During his visit to China last month, Herman van Rompuy, president of the European Council, thanked his Chinese hosts for their support and assured them that the future of the euro was not in doubt. He emphasized the importance of preserving an open economic and trade relationship. Several European companies have experienced problems operating in China, he said and urged Chinese leaders to ensure "a level playing field".

China should take on more responsibility for the global economy and be better represented in international financial institutions, he said and asked China to pay more attention to climate change and help the rest of the world to move toward concluding the negotiations in the Doha Round of the World Trade Organization talks.

The EU is trying to develop a common strategy toward China but is handicapped by differing views among its 27 EU member states on issues such as lifting the arms embargo and granting China market economy status.

There have been a number of high-level EU-China meetings in recent weeks, which have sought to tackle some of the most difficult problems.
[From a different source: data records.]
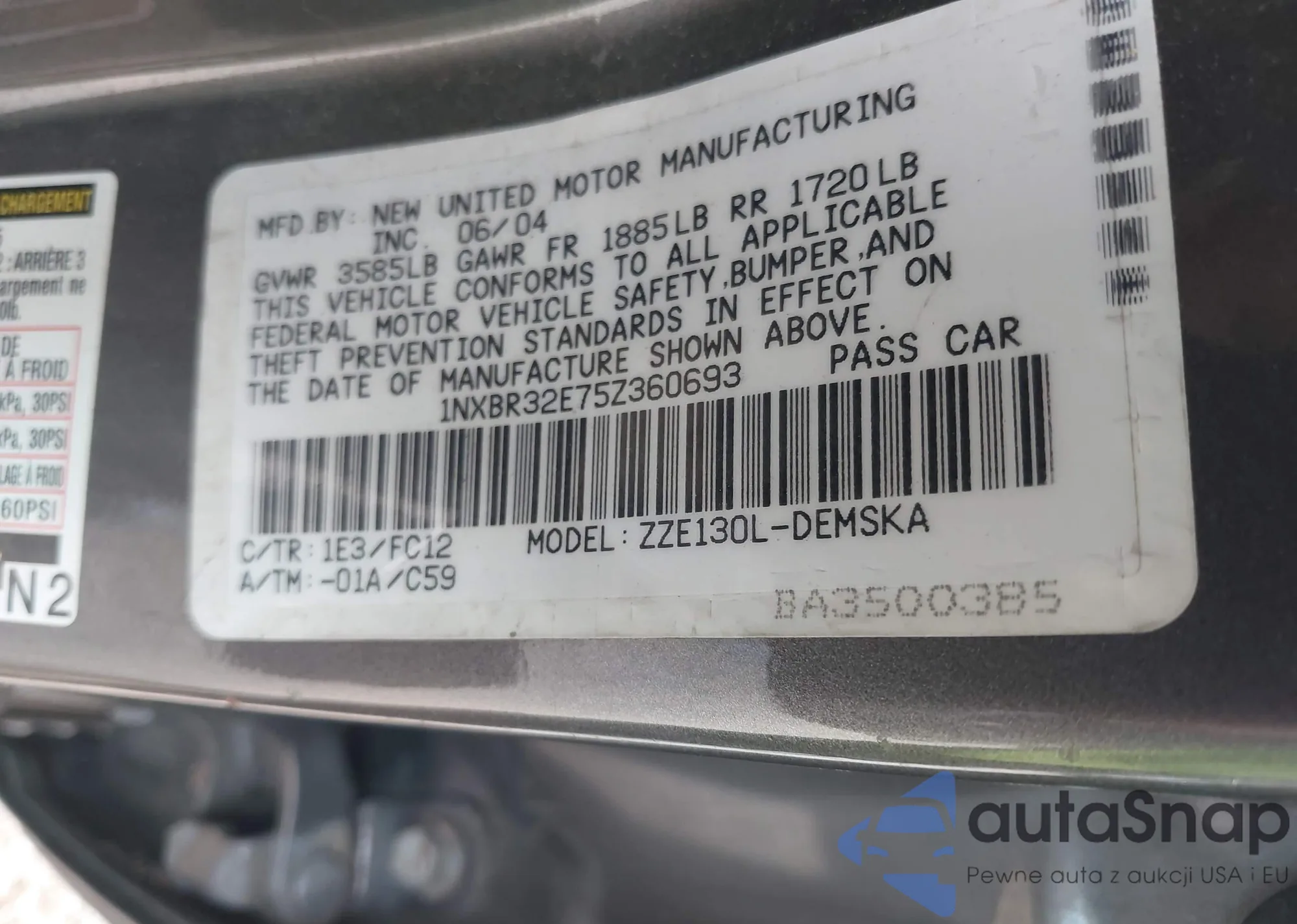 LOT: 42730680 VIN: 1NXBR32E75Z360693
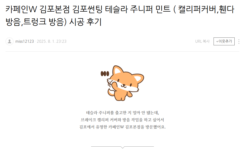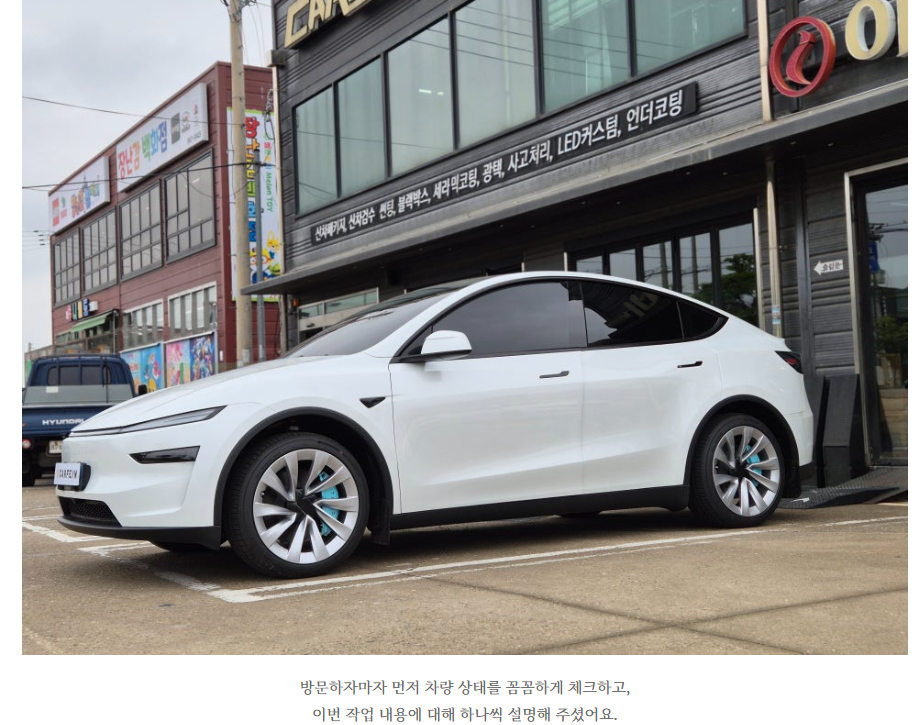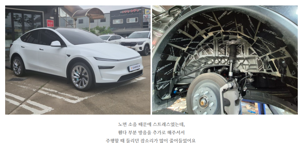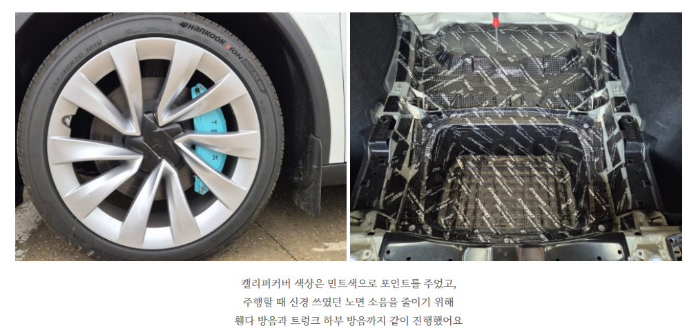 카페인W 김포본점 김포썬팅 테슬라 주니퍼 민트 ( 캘리퍼커버,휀다방음,트렁크 방음) 시공 후기
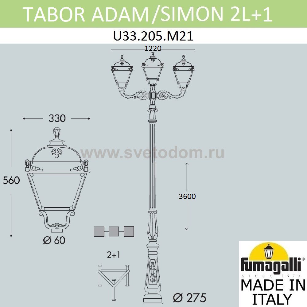 Касаемо артикула U33.205.M21.AXH27 важно знать - Парковый фонарь FUMAGALLI большого размера серии SIMON, модель TABOR ADAM/SIMON 2L+1. Парковый фонарь с 2 светильниками большого размера, на консолях ADAM большого размера, плюс 1 венчающий светильник, установленные на классическом столбе TABOR высотой 3,0 м (+высота фонарей на кронштейнах). Изготовлены в Италии, по уникальным технологиям "FUMATECH" из современного композитного полимера RESIN. Этот материал в 5 раз прочнее металла, не ржавеет, не окисляется, не выгорает на солнце, его не нужно красить. Все светильники пыле-влаго защищены по стандарту IP55 (Пылезащищенные, защита от водяных струй с любого направления). Рассеиватель выполнен из антивандального, не мутнеющего и не горючего PMMA (ПолиМетилМетаАкрилат). Срок службы светильника - не менее 20 лет. Температура использования от -60 до +90. В серии SIMON есть садовые фонари в настенном (OFIR/SIMON, MIRRA/SIMON) подвесном (SICHEM/SIMON) и наземном исполнении (IAFAET.R/SIMON, ALOE.R/SIMON, ARTU/SIMON, GIGI/SIMON, RICU/SIMON, NEBO/OFIR/SIMON 1L, NEBO/OFIR/ANNA 2L, TABOR/ADAM/SIMON 3L) со столбами разной высоты, с разным количеством и конфигурацией голов. Консоли настенных фонарей и кронштейны светильников на столбах освещения могут устанавливаться в положение вверх и вниз. Столбы выше 150 см имеют в основе мощную стальную трубу с двойной оцинковкой. При заказе требуется выбрать цвет корпуса, цвет плафона и тип патрона (Е-27 или LED GX-53). Возможен светодиодный вариант. По стилю и дизайну серия уличных светильников SIMON похожа на светильники среднего размера серии CEFA. По размеру относится к большим парковым светильникам как серия NOEMI и GLOBE 400.
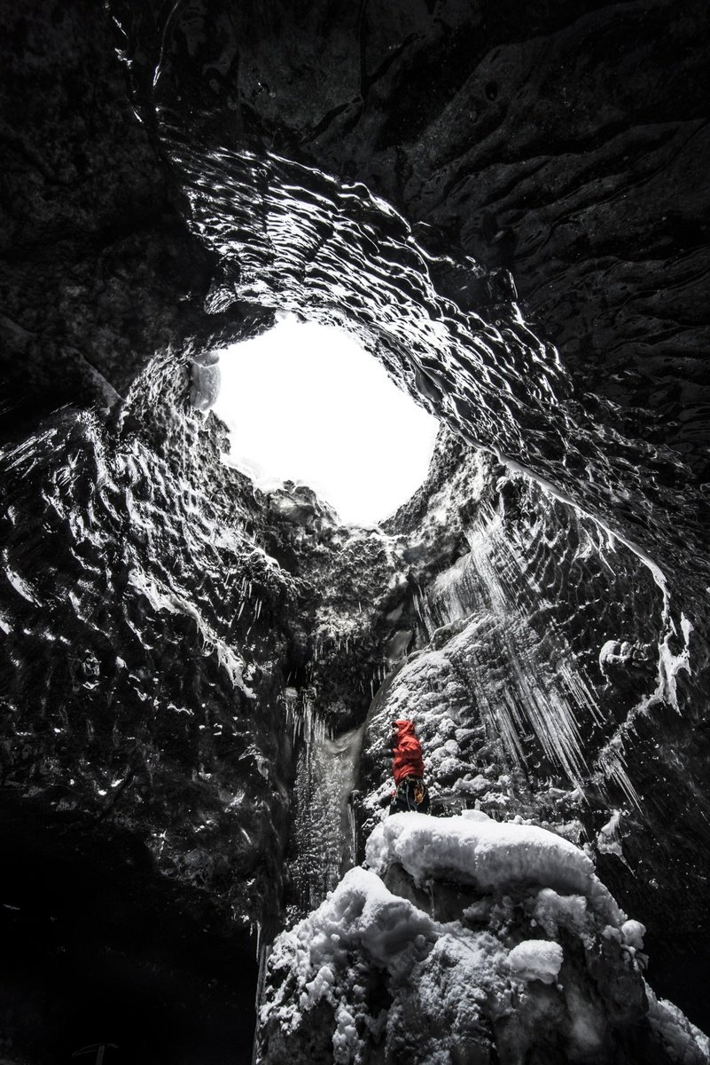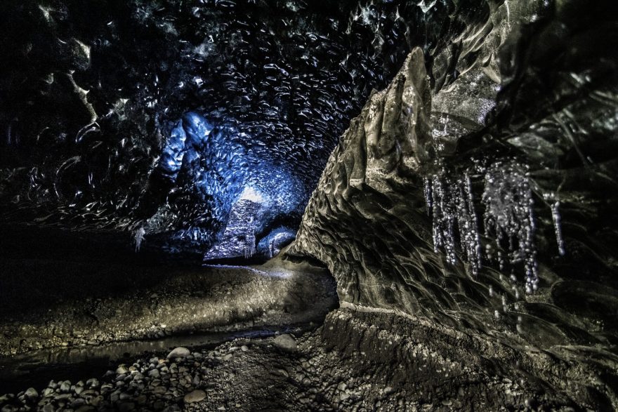 Ledovcové jeskyně v led. jazyku Breiðamerkurjökull zásobující ledovcovou lagunu Jökulsárlón, západní část
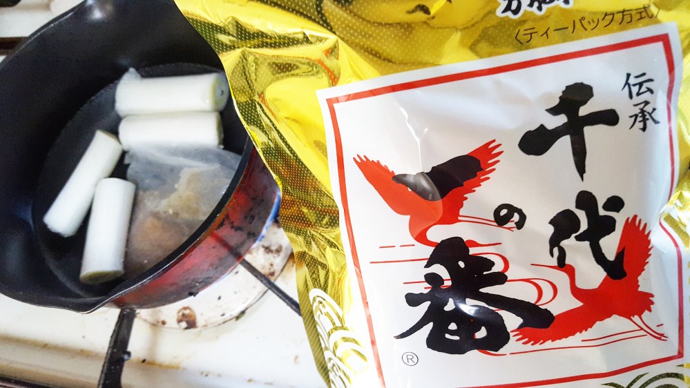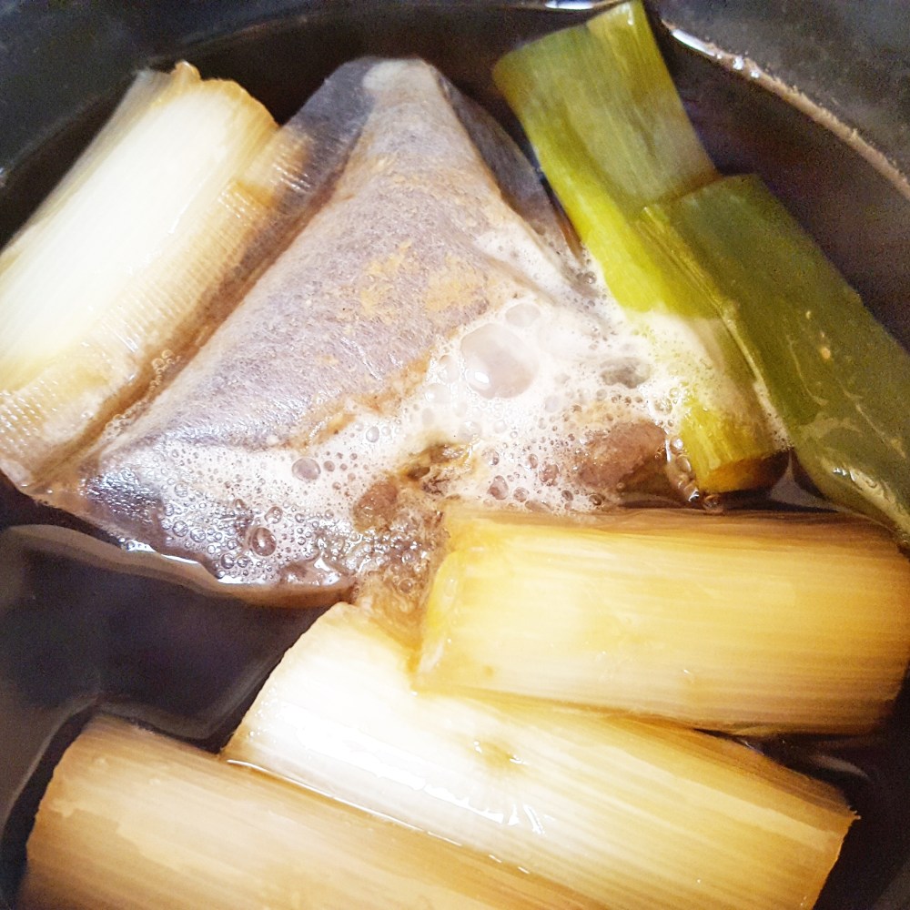ねぎを適当な長さに切って、和風だしでやわらかくなるまで煮込みます。
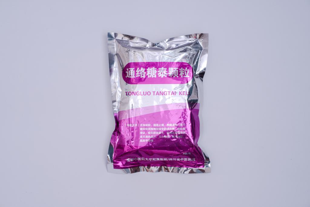Functions and indications: Invigorating blood and removing stasis, unblocking collaterals and relieving pain, nourishing yin and clearing heat. It is suitable for diabetic peripheral neuropathy in syndromes of yin deficiency and internal heat, phlegm and blood stasis obstructing the collaterals; and the symptoms include the numbness, pain and paresthesia of limbs, or tidal fever and night sweat, vexing heat in the chest, palms and soles, gloomy complexion, and dry scaly skin.
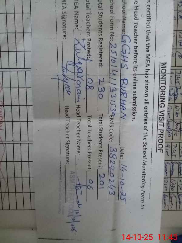 | EMIS Code: 38220243 | Name of School: GGHS BURHAN | |||
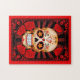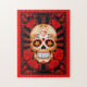 Quebra-cabeça Crânio vermelho do açúcar com poster dos rosas
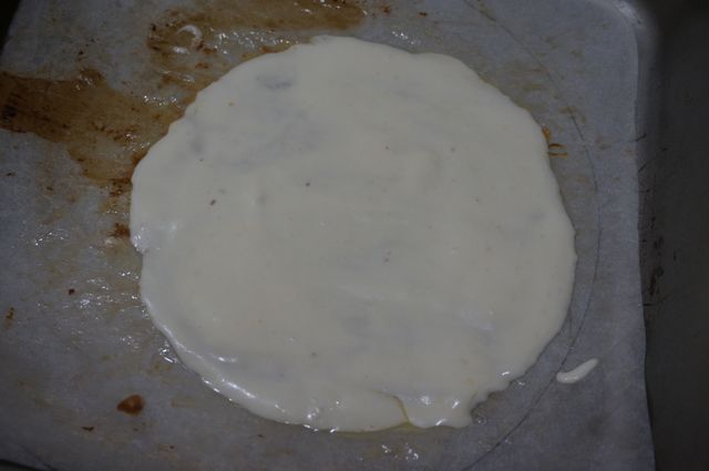 Духовка 175"С. На горячий противень (+пергамент и масло) выливаю 1-1,5 ст.л. теста, слегка разравниваю, выпекаю 7-8 минут.
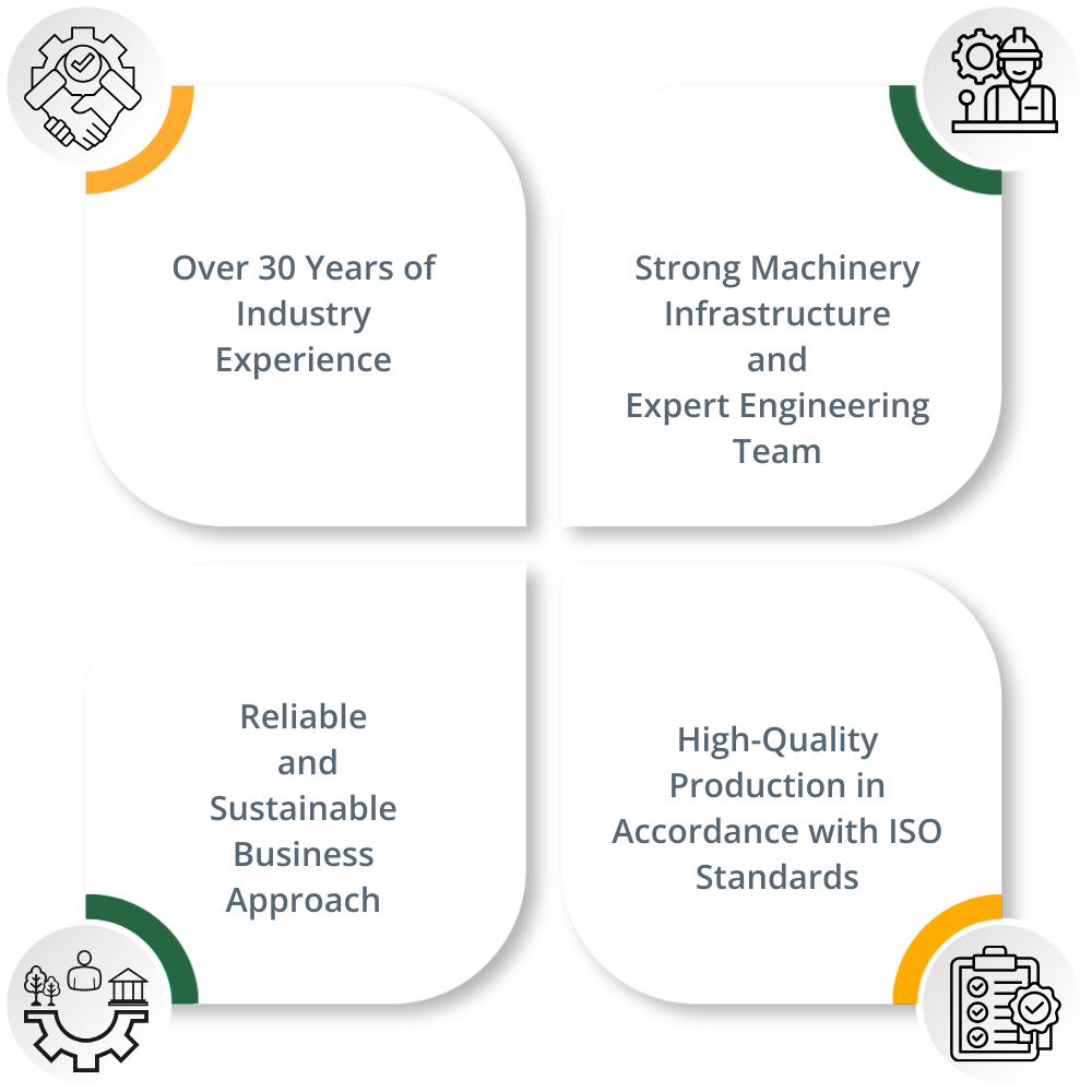 Deneyimli kadromuz, kalite odaklı üretim anlayışımız ve uluslararası standartlara uygun çalışma disiplinimizle fark yaratıyoruz.
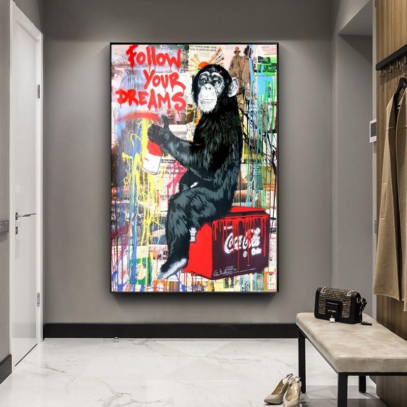 Watercolor Oil Paintings Street Wall Art Graffiti Pop Canvas Follow Your Dreams Print for Living Room Decor Urban Style
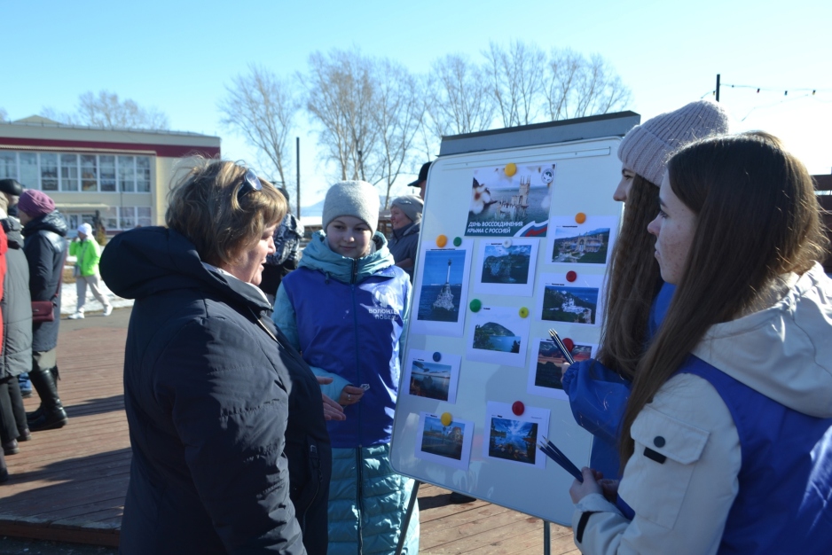 18 марта в рамках празднования Дня воссоединения Крыма Волонтеры Победы Новоселовского района провели акцию «Крым Наш».
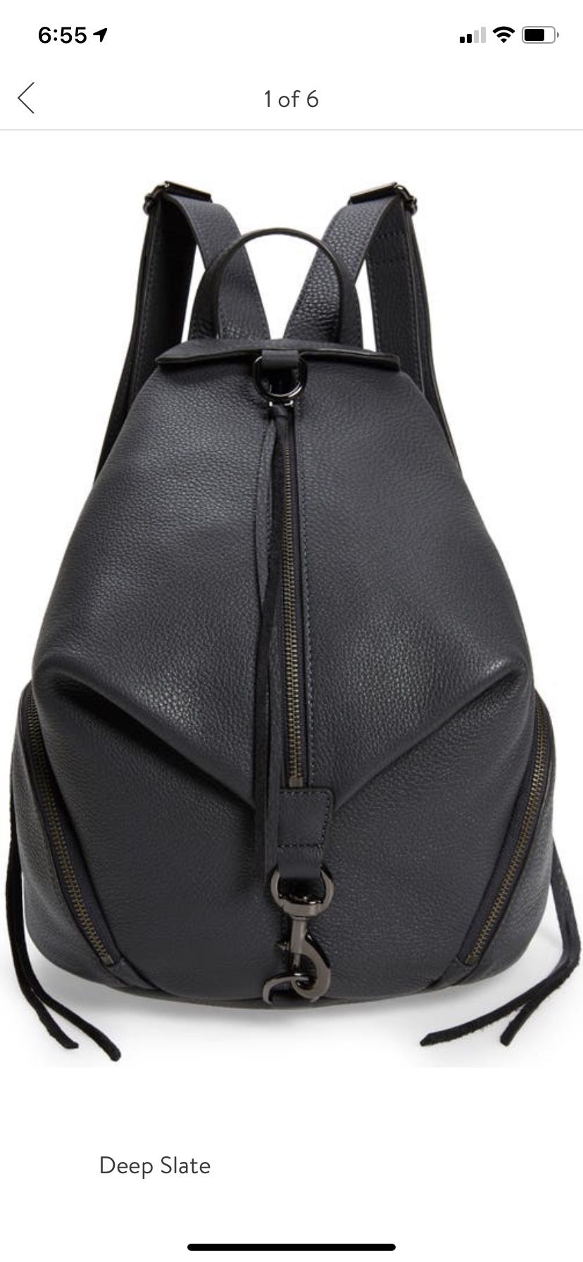 Rebecca Minkoff backpack Leather Like new condition Color: slate gray Comes with dust bag and extra tassel 13"H x 10"W x 6"D

Apart from the visit of Van Rompuy to China, Catherine Ashton, the EU foreign policy chief, met with State Councilor Dai Bingguo in Hungary during the second meeting of the EU-China High-Level Strategic Dialogue. These talks covered international issues such as the situation in North Africa and the Middle East, as well as economic cooperation.

China of course is facing its own internal problems. Chinese leaders are aware of the social and economic problems facing the country and need a stable international environment and open markets for Chinese exports. This is why the European Union, despite all its current problems, will remain one of the most important partners of China in the coming decades.

The author is director of the EU-Asia Centre in Brussels.